▶ _Task directions_
The answer should be every line below, repeated exactly, with the images left out.

▶ _Available data_
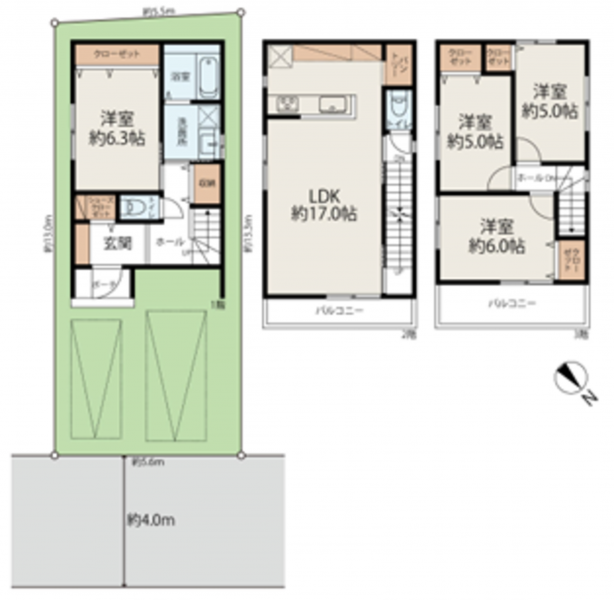 - 北西側 公道4m 間口約5.6m
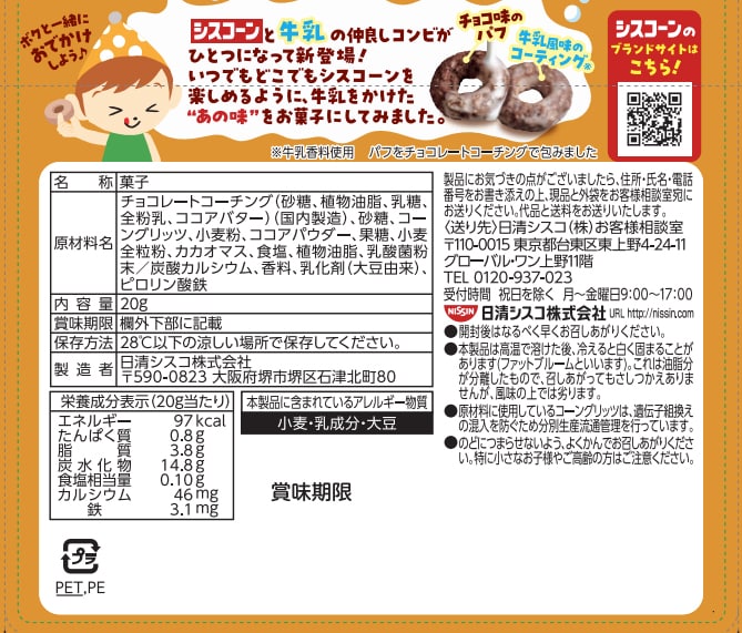 [36個]日清シスコ おでかけシスコーン サクサクリング チョコミルク味 20g | チョコ味パフに牛乳風味のコーティングをしたリング形のお菓子
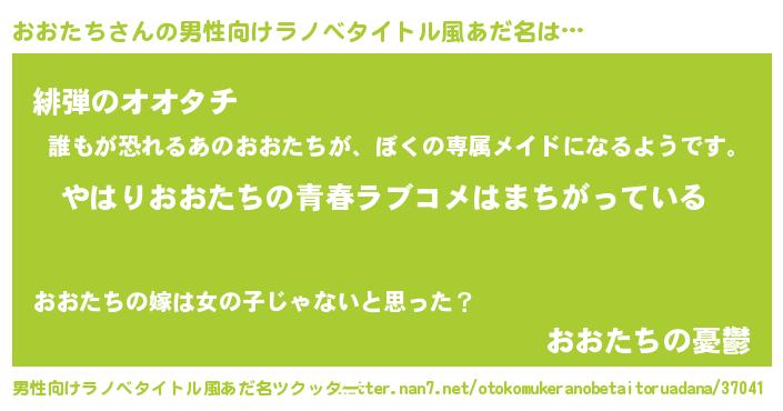 | 女子向けラノベタイトル風あだ名 | 『おおたちの雑貨屋さん』 |

▶ _Written solution_
 - 北西側 公道4m 間口約5.6m
 [36個]日清シスコ おでかけシスコーン サクサクリング チョコミルク味 20g | チョコ味パフに牛乳風味のコーティングをしたリング形のお菓子
 | 女子向けラノベタイトル風あだ名 | 『おおたちの雑貨屋さん』 |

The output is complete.